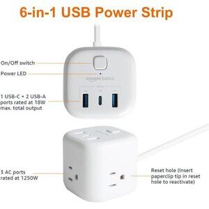 Power Strip Cube with USB C USB A Outlets and 5 Ft Extension Cord Travel
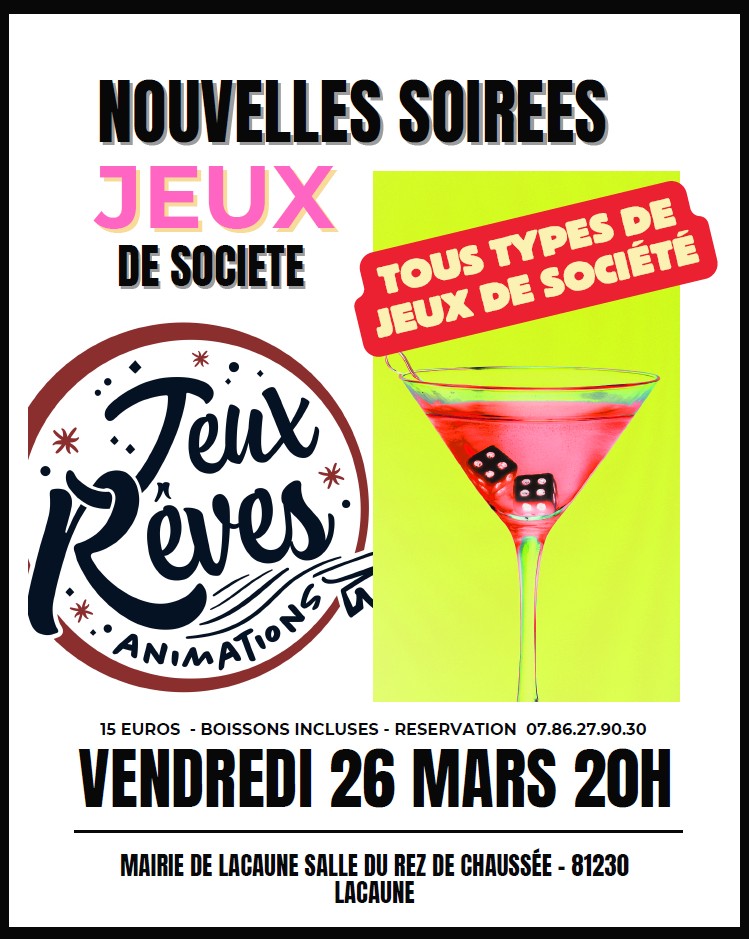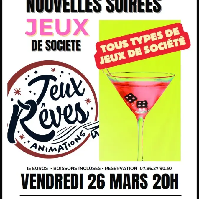 Soirée jeux de société pour ados et adultes : venez découvrir de nouveaux jeux dans une ambiance conviviale et détendue. 15 € la soirée, boissons incluses. Un moment de partage, de découverte et de bonne humeur autour du jeu.
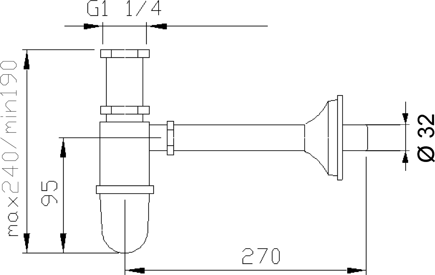 Sapho RETRO umyvadlový sifon 5/4", odpad 32 mm, zlato 9595
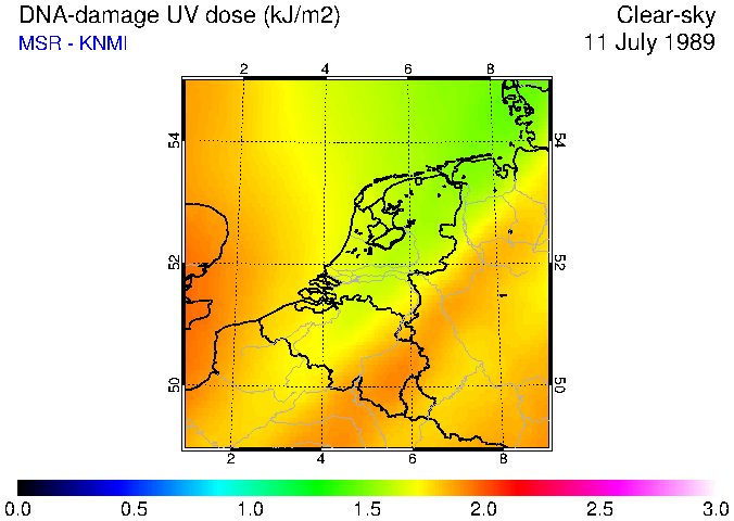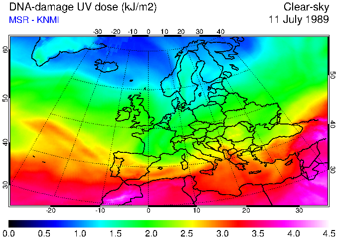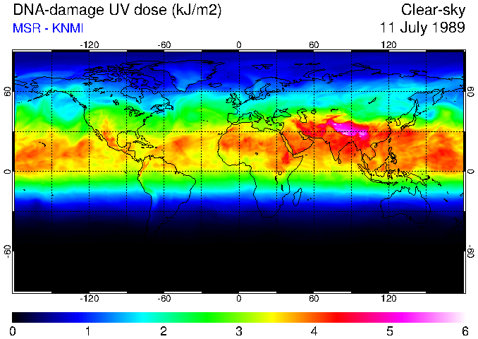 DNA-damage UV dose of 11 July 1989
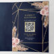 Convite Com Dobra Tripla Marinho Azul Pampas Rosas Rosa Pintadas Rosas Rosa
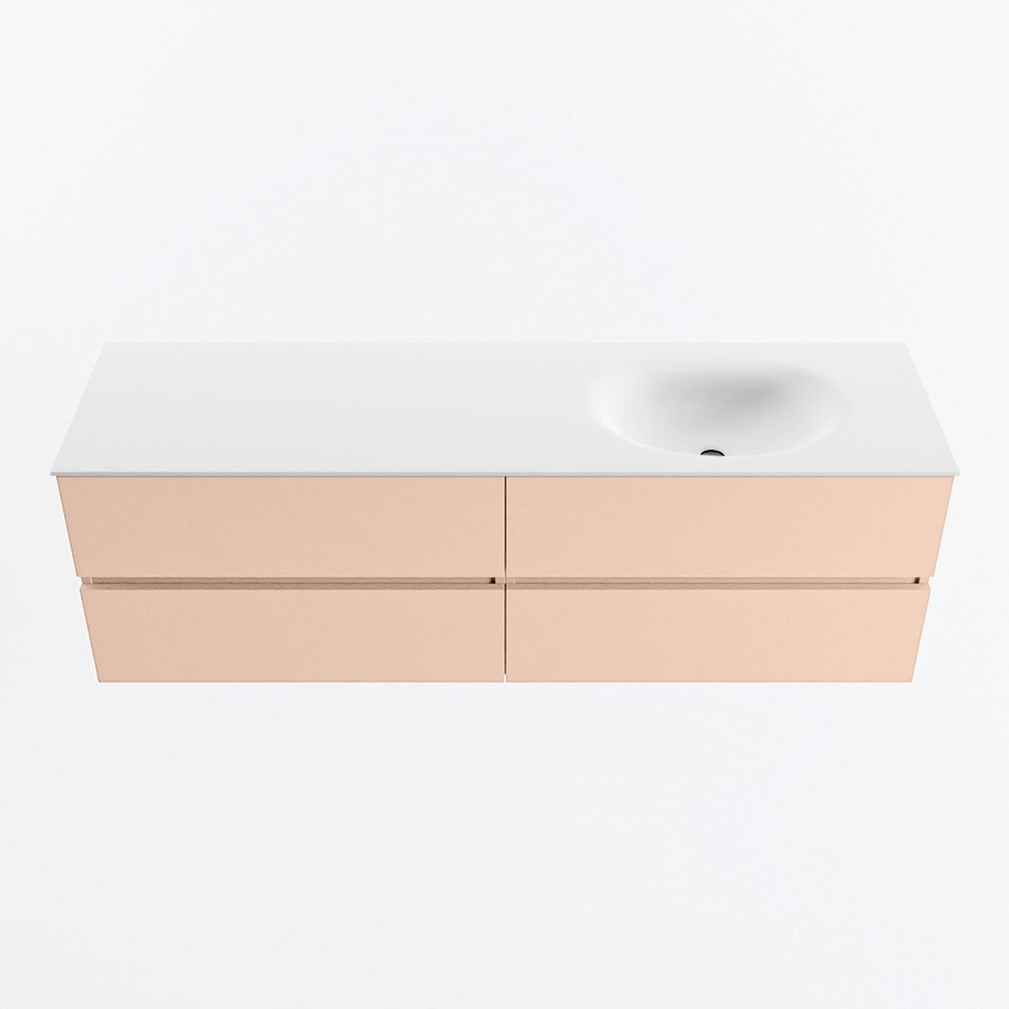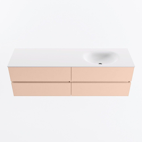 MONDIAZ Vica Badkamermeubelset - 160cm - onderkast rosee - 4 lades - wastafel moon rechts - 1 kraangat - 60cm hoge versie - talc
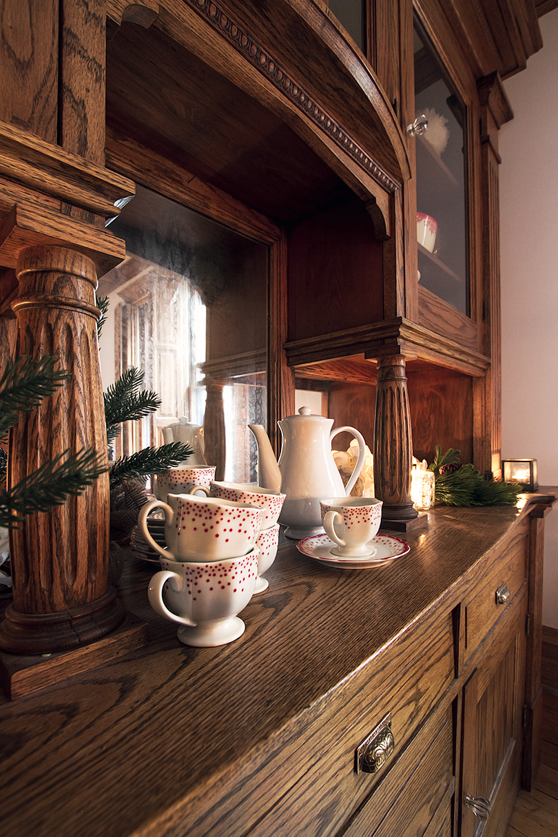 The table is set with with Ballard Designs’ Jacqueline dinnerware. I photographed the dining room for a holiday campaign they’re running, and I was able to chose a bunch of my favorite pieces to shoot and keep. We always host Christmas dinner, so this is what our table will look like this year! The cups and saucers will be especially cute when we have coffee with dessert.
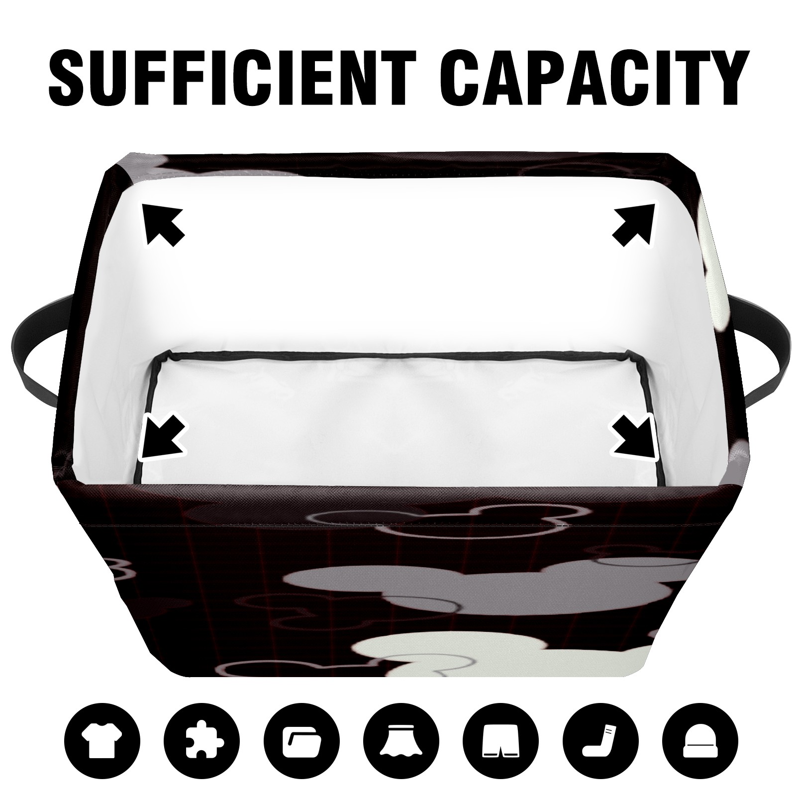 【Материал】Оксфордская ткань из полиэстера 600D; ручки изготовлены из полиэстера. 【Описание материала】Внешняя ткань: Оксфордская ткань полотняного переплетения высокой плотности 300D (ПВХ); Подкладка: белая ткань 750D; Ручки: черная композитная ткань 290T. 【Размер】26x35x21 см (10x14x8 дюймов) 【Описание продукта】Эта корзина для хранения с ручками с обеих сторон предлагает достаточно места для хранения предметов разных размеров, что делает ее подходящей для различных случаев, таких как дом, офис и школа. Ручки с обеих сторон закреплены гвоздями для долговечности. Прочный металлический каркас окружает корзину, поддерживая ее форму. Складная корзина для хранения: Наши корзины для хранения легко складываются, когда не используются. Эти ящики для хранения изготовлены из легко моющейся оксфордской ткани и при необходимости могут быть аккуратно протерты мягким мылом и водой. Из-за внутреннего металлического каркаса и жесткого дна машинная стирка не рекомендуется. 【Подходящие сценарии использования】Дом, офис и школа 【Инструкции по стирке】Рекомендуется ручная стирка; избегайте длительного воздействия прямых солнечных лучей.

=-=-=-=-=

Output, word for word, the full listing above, with no pictures.

_Response to this task:_
 Power Strip Cube with USB C USB A Outlets and 5 Ft Extension Cord Travel
 Soirée jeux de société pour ados et adultes : venez découvrir de nouveaux jeux dans une ambiance conviviale et détendue. 15 € la soirée, boissons incluses. Un moment de partage, de découverte et de bonne humeur autour du jeu.
 Sapho RETRO umyvadlový sifon 5/4", odpad 32 mm, zlato 9595
 DNA-damage UV dose of 11 July 1989
 Convite Com Dobra Tripla Marinho Azul Pampas Rosas Rosa Pintadas Rosas Rosa
 MONDIAZ Vica Badkamermeubelset - 160cm - onderkast rosee - 4 lades - wastafel moon rechts - 1 kraangat - 60cm hoge versie - talc
 The table is set with with Ballard Designs’ Jacqueline dinnerware. I photographed the dining room for a holiday campaign they’re running, and I was able to chose a bunch of my favorite pieces to shoot and keep. We always host Christmas dinner, so this is what our table will look like this year! The cups and saucers will be especially cute when we have coffee with dessert.
 【Материал】Оксфордская ткань из полиэстера 600D; ручки изготовлены из полиэстера. 【Описание материала】Внешняя ткань: Оксфордская ткань полотняного переплетения высокой плотности 300D (ПВХ); Подкладка: белая ткань 750D; Ручки: черная композитная ткань 290T. 【Размер】26x35x21 см (10x14x8 дюймов) 【Описание продукта】Эта корзина для хранения с ручками с обеих сторон предлагает достаточно места для хранения предметов разных размеров, что делает ее подходящей для различных случаев, таких как дом, офис и школа. Ручки с обеих сторон закреплены гвоздями для долговечности. Прочный металлический каркас окружает корзину, поддерживая ее форму. Складная корзина для хранения: Наши корзины для хранения легко складываются, когда не используются. Эти ящики для хранения изготовлены из легко моющейся оксфордской ткани и при необходимости могут быть аккуратно протерты мягким мылом и водой. Из-за внутреннего металлического каркаса и жесткого дна машинная стирка не рекомендуется. 【Подходящие сценарии использования】Дом, офис и школа 【Инструкции по стирке】Рекомендуется ручная стирка; избегайте длительного воздействия прямых солнечных лучей.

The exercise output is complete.